Tu as fait face à tous les pleurs,
Soutenu tes soeurs aux funérailles
Tu as vécu tellement d’horreur
Pas le temps que ton corps défaille.

L’absence s’est installée comme une routine,
L’angoisse présente, jour après jour,
Ton fils a grandi… une photo à ses côtés,
Sans jamais pouvoir recevoir un signe,
Ni même un sourire partager.

Ta relation épistolaire a fini par te désoler
Tu as gardé un goût amer de ce sort sur vous jeté.
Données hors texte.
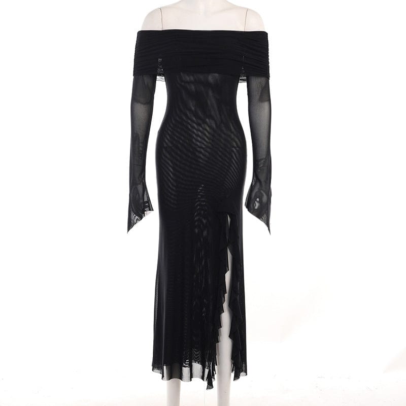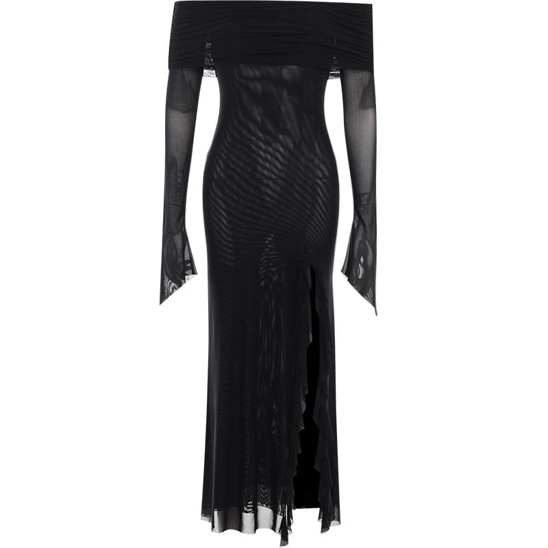 Schulterfreies, gerüschtes Schlitzkleid für Damen im Gothic-Stil
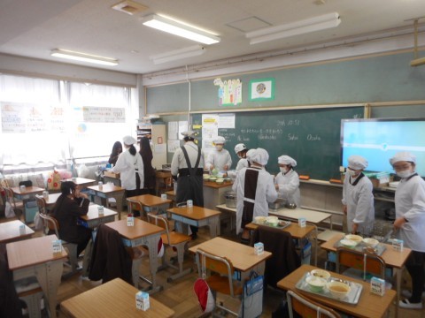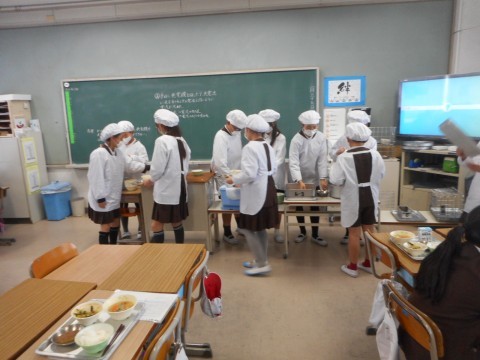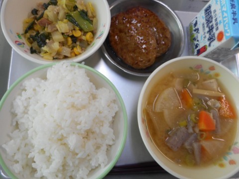 今日の給食は、ごはん、さつま汁、照り焼きハンバーグ、小松菜と白菜の炒め煮、牛乳、でした。
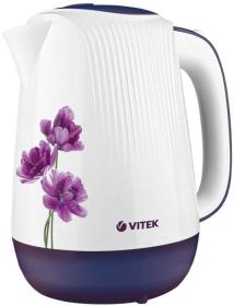 Чайник электрический Vitek VT-7061 1.7л. 2200Вт белый с узором / фиолетовый корпус: пластик (7061-VT-01)
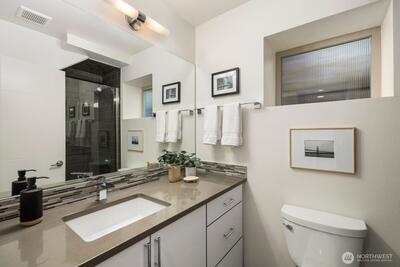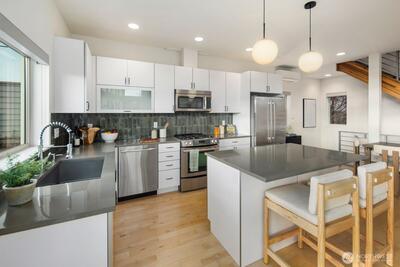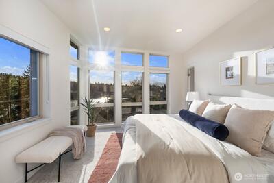 Not all modern homes are created equal, and this one proves it. This stand-alone 3-bedroom home is perched to capture unobstructed views of Salmon Bay & Shilshole, and stands apart with something rarely found in newer construction: both gorgeous scenery and a truly usable yard. Floor-to-ceiling windows with southwestern exposure flood the home with natural light while framing stunning water and mountain views from nearly every level. Enjoy golden hour from the living room, unwind in the primary suite, or take it all in from the rooftop deck, complete with a wet bar for effortless entertaining and 360-degree views that never get old. The flexible layout offers space to live, work, and host with ease. The primary suite is a true retreat with sweeping views, a large walk-in closet, and a spa-like 5-piece bath. Outside, the large yard delivers what most vertical homes cannot. A deck for dining, garden beds, storage shed, and plenty of space for a dog to run. Off-street parkin
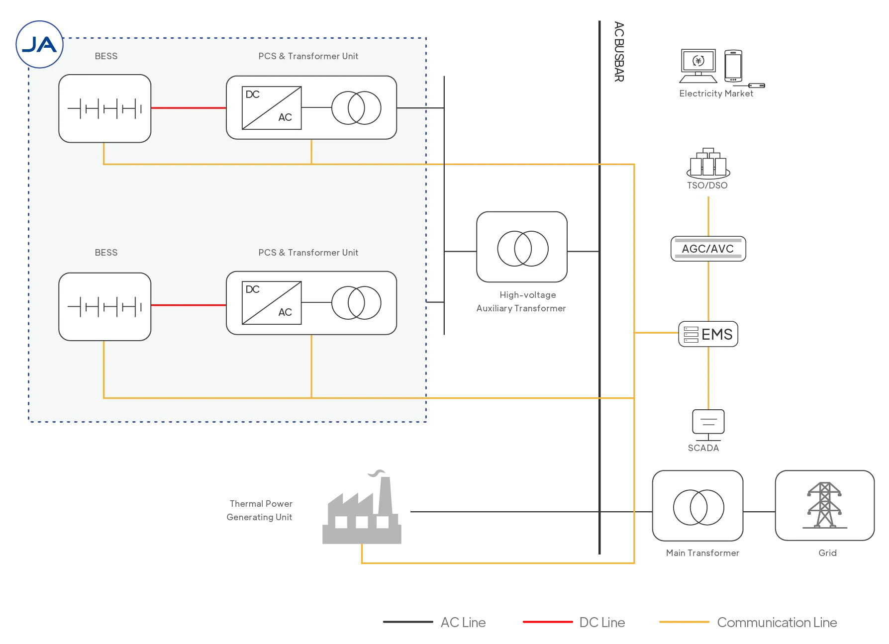 Co-optimized control of BESS and thermal power units to enhance grid ancillary services capability.

Quand Jacques un jour est revenu de guerre,
Après la joie de cette paix…
Il a fallu apprendre à vivre… un étranger à tes côtés.
Chacun doté de ses souffrances,
Des traumatismes à évacuer…
Il a fallu pour toi Mathilde
Ta place, ton rôle, maintenant céder.

Mathilde a tu, au fond de son âme
Toute la rancoeur qu’elle a gardée.
Elle se souvient de ce slogan, si fier et savamment lancé
« Debout, donc femmes Françaises… Filles de la patrie !
Tout est grand qui sert le Pays … Debout à l’action, au labeur !
Il y aura demain la gloire pour tout le monde. »

Elle a tu, au fond de son âme
Par respect pour tous les Hommes
Que cette guerre a maltraités.
Elle a tu, au fond de son âme
Tous ses ressentis déjà évoqués.

Mais aujourd’hui, pour elles qui ne sont plus,
Pour leur souvenir, et parce qu’elles en sont dignes.
Je veux commémorer leur dévouement, et leurs actions,
Et graver pour elles, ici, en quelques lignes,
Toute la gloire et le respect que leur souvenir anime.